Fire error event instead of throwing for CSP blocked worker

When blocked by Content Security Policy (CSP), Chrome currently throws a SecurityError from the constructor of Worker and SharedWorker. The specification requires CSP to be checked as part of fetch and fires error events asynchronously instead of throwing an exception when a script runs new Worker(url) or new SharedWorker(url). This change makes Chrome specification conformant: not throwing during constructor and firing error events asynchronously.

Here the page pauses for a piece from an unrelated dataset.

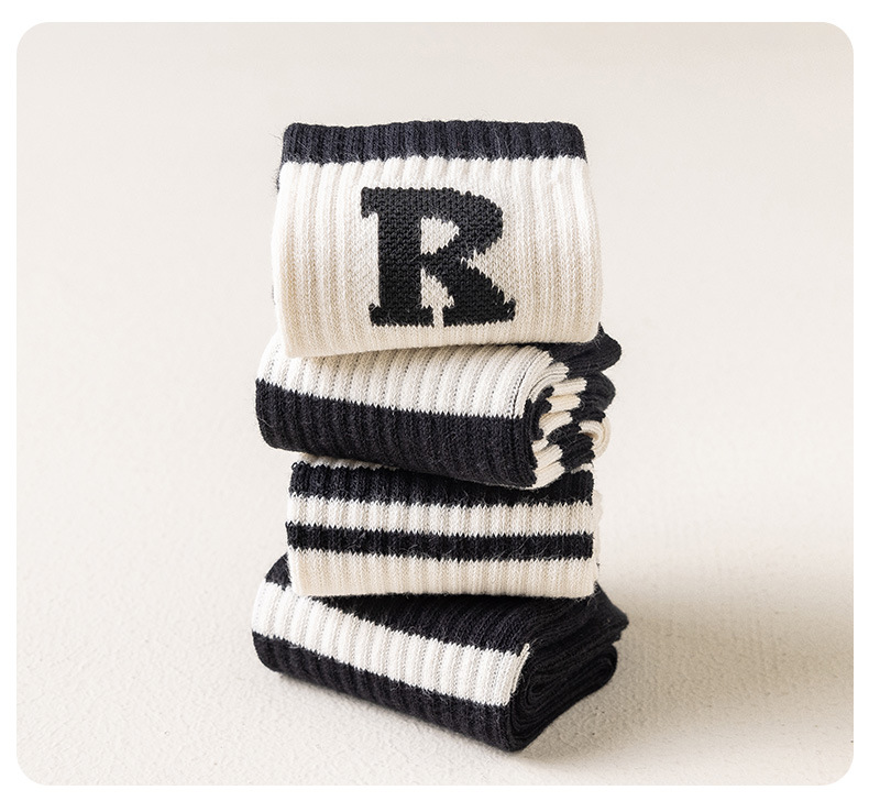 • 문자 R 흑백 줄무늬 중간 송아지 4 색 일치

Audio Level for RTC Encoded Frames

Exposes to the web the audio level of an encoded frame transmitted with RTCPeerConnection and exposed using WebRTC Encoded Transform.

New origin trials

In Chrome 139 you can opt into the following new origin trials.

Prompt API

The Prompt API is designed for interacting with an AI language model using text, image, and audio inputs. It supports various use cases, from generating image captions and performing visual searches to transcribing audio, classifying sound events, generating text following specific instructions, and extracting information or insights from text. It supports structured outputs which ensure that responses adhere to a predefined format, typically expressed as a JSON schema, to enhance response conformance and facilitate seamless integration with downstream applications that require standardized output formats. This API is also exposed in Chrome Extensions. This origin trial is for exposure on the web.

Full frame rate render blocking attribute

We propose to add a new render blocking token full-frame-rate to the blocking attributes. When the renderer is blocked with the full-frame-rate token, the renderer will work at a lower frame rate so as to reserve more resources for loading.

WebGPU Compatibility mode

Adds an opt-in, lightly restricted subset of the WebGPU API capable of running older graphics APIs such as OpenGL and Direct3D11. By opting into this mode and obeying its constraints, developers can extend the reach of their WebGPU applications to many older devices that do not have the modern, explicit graphics APIs that core WebGPU requires. For simple applications, the only required change is to specify the "compatibility" featureLevel when calling requestAdapter. For more advanced applications, some modifications may be necessary to accommodate the mode's restrictions. Since Compatibility mode is a subset, the resulting applications are also valid WebGPU Core applications and will run even on user agents that do not support Compatibility mode.

Deprecations and removals

This version of Chrome introduces the deprecations and removals listed below. Visit ChromeStatus.com for lists of planned deprecations, current deprecations and previous removals.

This release of Chrome removes two features.

Remove support for macOS 11

Chrome 138 is the last release to support macOS 11. From Chrome 139 macOS 11 is not supported, as it is outside of its support window with Apple. Running on a supported operating system is essential to maintaining security. On Macs running macOS 11, Chrome will continue to work, showing a warning infobar, but will not update any further. If a user wishes to update Chrome, they need to update their computer to a supported version of macOS. For new installations of Chrome 139 and up, macOS 12 or greater will be required.

Remove auto-detection of ISO-2022-JP charset in HTML

There are known security issues around charset auto-detection for ISO-2022-JP. Given that the usage is very low, and Safari does not support auto-detection of ISO-2022-JP, Chrome removes support for it to eliminate the security issues.